Record set:
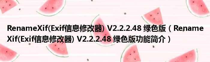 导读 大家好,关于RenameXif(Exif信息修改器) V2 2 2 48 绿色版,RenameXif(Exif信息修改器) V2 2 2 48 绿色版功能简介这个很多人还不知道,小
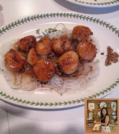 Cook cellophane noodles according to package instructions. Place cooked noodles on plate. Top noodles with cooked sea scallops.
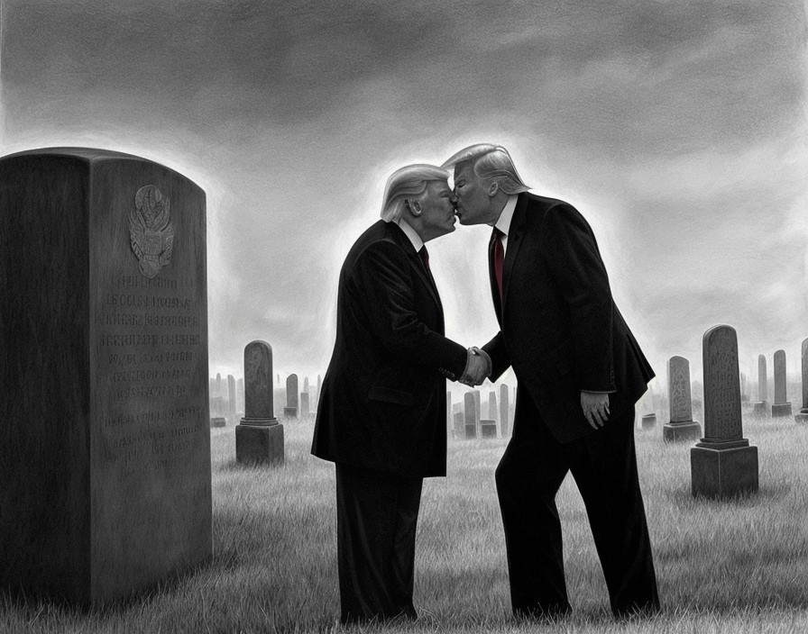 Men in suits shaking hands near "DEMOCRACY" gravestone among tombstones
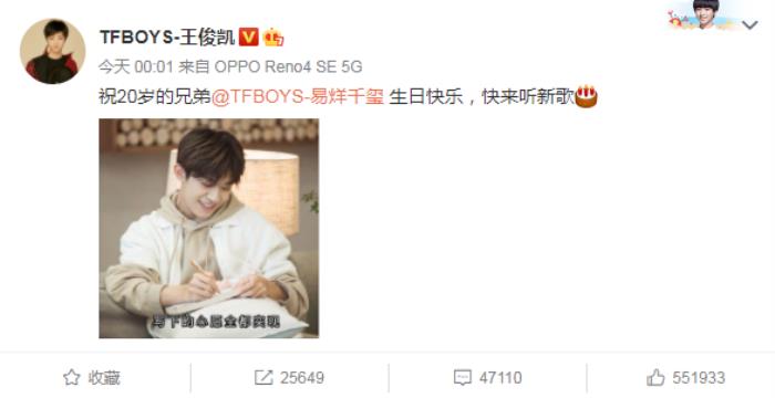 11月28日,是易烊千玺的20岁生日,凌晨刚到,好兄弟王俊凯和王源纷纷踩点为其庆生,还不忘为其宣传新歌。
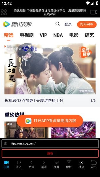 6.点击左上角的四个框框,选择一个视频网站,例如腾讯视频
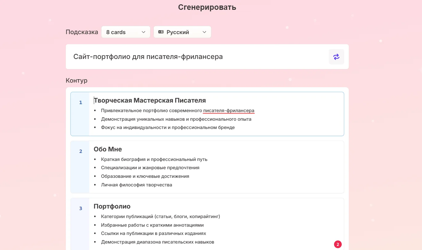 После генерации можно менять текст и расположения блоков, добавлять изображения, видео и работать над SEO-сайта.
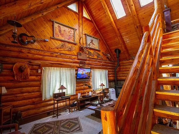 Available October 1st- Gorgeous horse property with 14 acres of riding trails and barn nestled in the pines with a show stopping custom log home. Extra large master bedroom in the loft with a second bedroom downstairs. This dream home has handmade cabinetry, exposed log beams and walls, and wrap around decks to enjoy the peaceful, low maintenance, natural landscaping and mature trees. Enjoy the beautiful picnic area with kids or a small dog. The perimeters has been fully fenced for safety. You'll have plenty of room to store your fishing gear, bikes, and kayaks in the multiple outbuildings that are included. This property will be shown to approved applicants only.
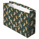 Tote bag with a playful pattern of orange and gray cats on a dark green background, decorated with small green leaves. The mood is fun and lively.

* * *

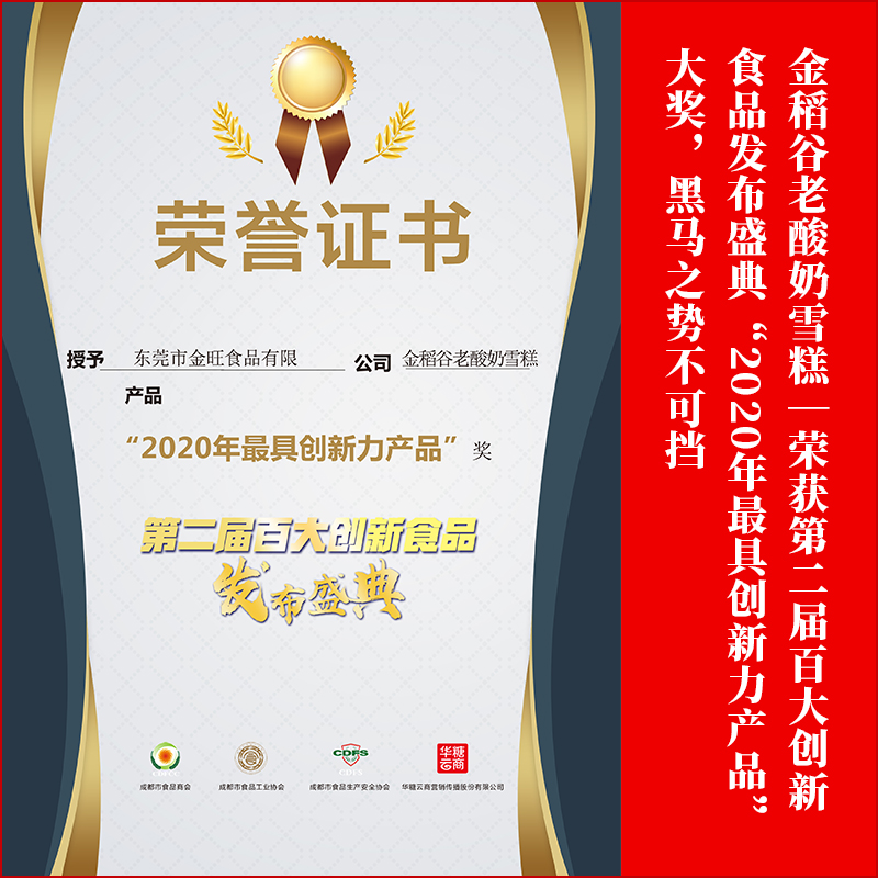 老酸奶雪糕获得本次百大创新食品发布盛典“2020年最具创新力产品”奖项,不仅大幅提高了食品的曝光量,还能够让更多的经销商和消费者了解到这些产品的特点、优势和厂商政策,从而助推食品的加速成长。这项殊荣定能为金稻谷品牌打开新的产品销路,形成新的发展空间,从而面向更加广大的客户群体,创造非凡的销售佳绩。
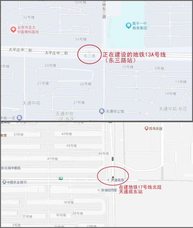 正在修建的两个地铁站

...

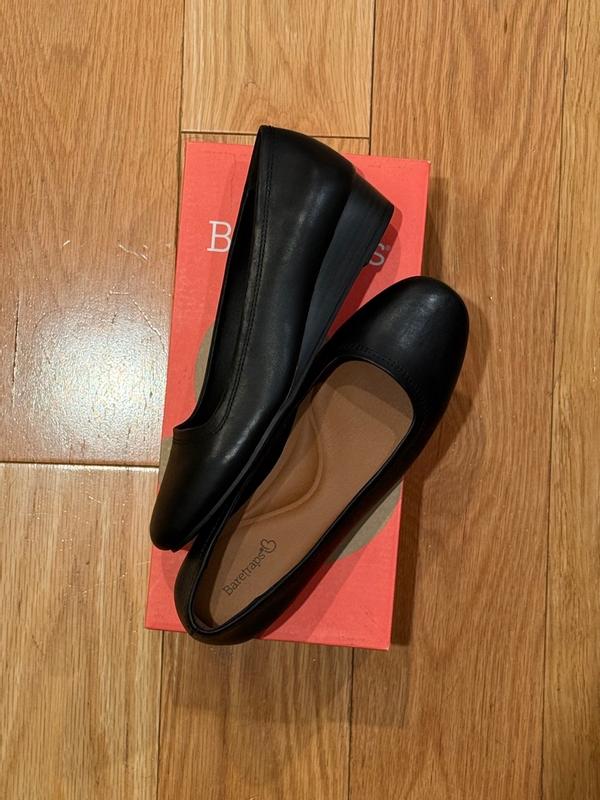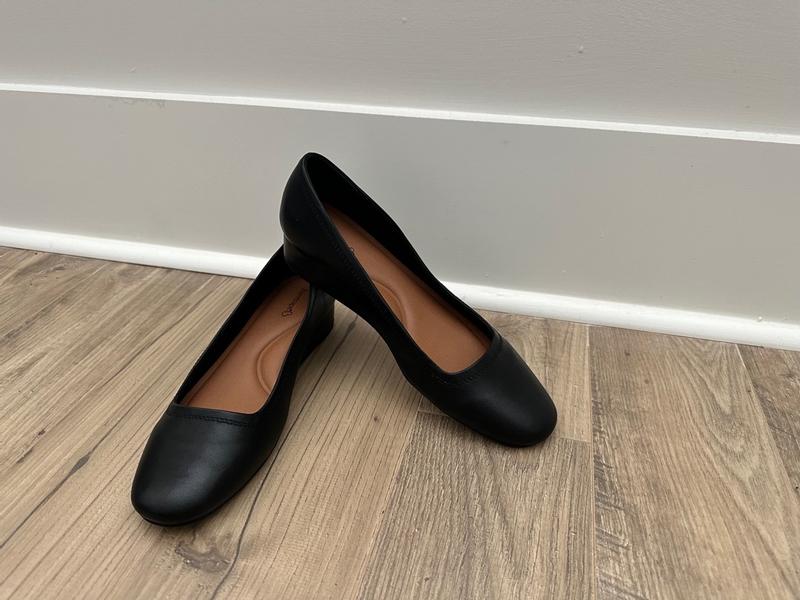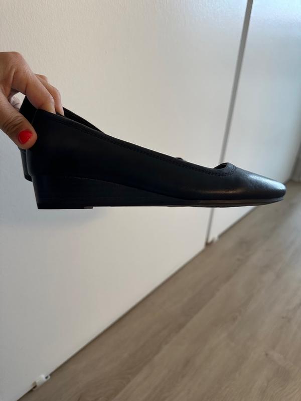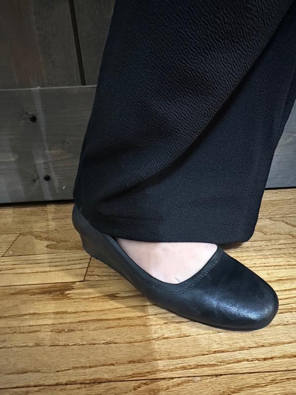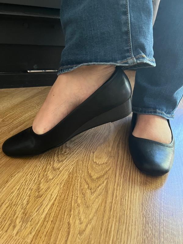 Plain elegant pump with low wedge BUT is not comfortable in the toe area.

Work order: For this task, return exactly the stretch of the listing above from the line with "6.点击左上角的四个框框,选择一个视频网站,例如腾讯视频" through the line with "Available October 1st- Gorgeous", inclusive and without pictures.

Reply:
 6.点击左上角的四个框框,选择一个视频网站,例如腾讯视频
 После генерации можно менять текст и расположения блоков, добавлять изображения, видео и работать над SEO-сайта.
 Available October 1st- Gorgeous horse property with 14 acres of riding trails and barn nestled in the pines with a show stopping custom log home. Extra large master bedroom in the loft with a second bedroom downstairs. This dream home has handmade cabinetry, exposed log beams and walls, and wrap around decks to enjoy the peaceful, low maintenance, natural landscaping and mature trees. Enjoy the beautiful picnic area with kids or a small dog. The perimeters has been fully fenced for safety. You'll have plenty of room to store your fishing gear, bikes, and kayaks in the multiple outbuildings that are included. This property will be shown to approved applicants only.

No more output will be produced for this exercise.